_Supplied data_

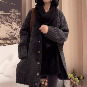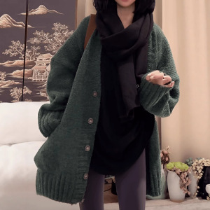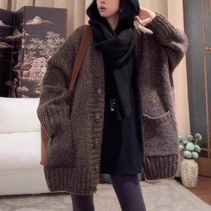 ヨーロッパレトロスタイルルーズレイジーセータージャケットレディース秋冬新作厚みのある大きいサイズニットカーディガントップ
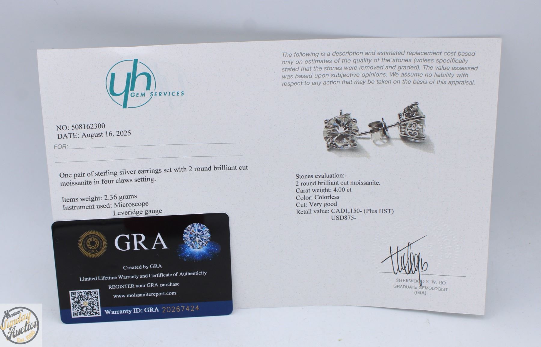 BRILLIANT CUT MOISSANITE STONES VVS D COLOR SET IN 6 CLAW FILAGREE HEAD SET IN 925 SILVER EARRINGS RETAIL VALUE $1,150.00 **ALL ITEMS MUST BE REMOVED BY 5PM SATURDAY, SEPTEMBER 6TH 2025. ALL REMAINING ITEMS WILL BE SUBJECT TO A $6.00 PER DAY STORAGE CHARGE. ANY ITEMS REMAINING AFTER MONDAY, SEPTEMBER 22ND 2025 WILL BE CONSIDERED FORFEITED. NO REFUNDS WILL BE ISSUED FOR FORFEITED ITEMS. TO SCHEDULE A PICK UP APPOINTMENT CLICK HERE
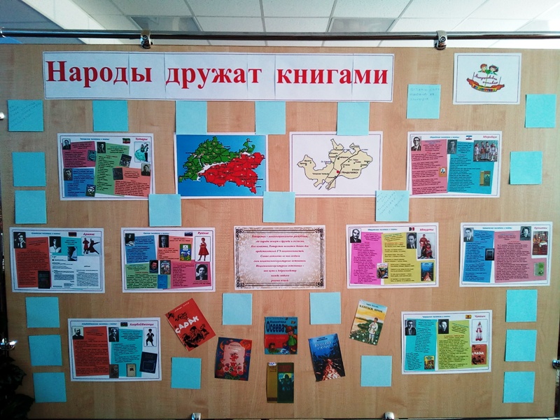 В год продвижения национальной литературы Детская библиотека при поддержке ДДН оформила библиотечный квилт «Народы дружат книгами» на котором представлена информация о писателях и книгах разных национальностей, проживающих на территории Менделеевского народа. Каждый желающий может оставить свое мнение или задать вопрос по этой теме на стикерах.
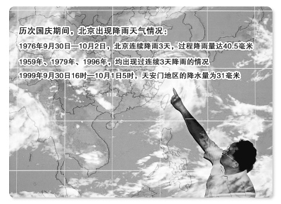 歷次國(guó)慶期間,北京曾經(jīng)出現(xiàn)過幾次大雨和連續(xù)性降雨:1976年9月30日—10月2日,北京連續(xù)降雨3天,過程降雨量達(dá)40.5毫米;1959年、1979年和1996年也出現(xiàn)過連續(xù)3天降雨的情況;1999年國(guó)慶50周年前夜,北京出現(xiàn)降雨,一直持續(xù)到10月1日早晨。9月30日16時(shí)到10月1日5時(shí),天安門地區(qū)的降水量為31毫米,給國(guó)慶活動(dòng)的前期準(zhǔn)備工作造成了影響。
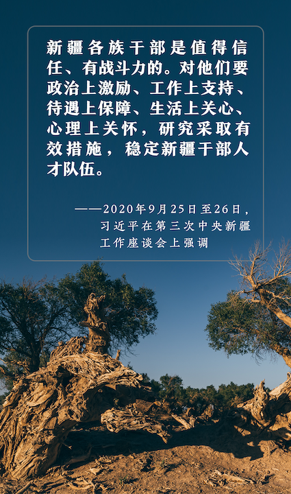 △2020年9月25日至26日,第三次中央新疆工作座談會(huì)在北京召開(kāi)。習(xí)近平出席會(huì)議并發(fā)表重要講話。

_What to work on_
Print, exactly as written, the lines from the one containing "BRILLIANT CUT MOISSANITE" to the end of the material, both ends included, and nothing else; no pictures.

_Exercise answer_
 BRILLIANT CUT MOISSANITE STONES VVS D COLOR SET IN 6 CLAW FILAGREE HEAD SET IN 925 SILVER EARRINGS RETAIL VALUE $1,150.00 **ALL ITEMS MUST BE REMOVED BY 5PM SATURDAY, SEPTEMBER 6TH 2025. ALL REMAINING ITEMS WILL BE SUBJECT TO A $6.00 PER DAY STORAGE CHARGE. ANY ITEMS REMAINING AFTER MONDAY, SEPTEMBER 22ND 2025 WILL BE CONSIDERED FORFEITED. NO REFUNDS WILL BE ISSUED FOR FORFEITED ITEMS. TO SCHEDULE A PICK UP APPOINTMENT CLICK HERE
 В год продвижения национальной литературы Детская библиотека при поддержке ДДН оформила библиотечный квилт «Народы дружат книгами» на котором представлена информация о писателях и книгах разных национальностей, проживающих на территории Менделеевского народа. Каждый желающий может оставить свое мнение или задать вопрос по этой теме на стикерах.
 歷次國(guó)慶期間,北京曾經(jīng)出現(xiàn)過幾次大雨和連續(xù)性降雨:1976年9月30日—10月2日,北京連續(xù)降雨3天,過程降雨量達(dá)40.5毫米;1959年、1979年和1996年也出現(xiàn)過連續(xù)3天降雨的情況;1999年國(guó)慶50周年前夜,北京出現(xiàn)降雨,一直持續(xù)到10月1日早晨。9月30日16時(shí)到10月1日5時(shí),天安門地區(qū)的降水量為31毫米,給國(guó)慶活動(dòng)的前期準(zhǔn)備工作造成了影響。
 △2020年9月25日至26日,第三次中央新疆工作座談會(huì)在北京召開(kāi)。習(xí)近平出席會(huì)議并發(fā)表重要講話。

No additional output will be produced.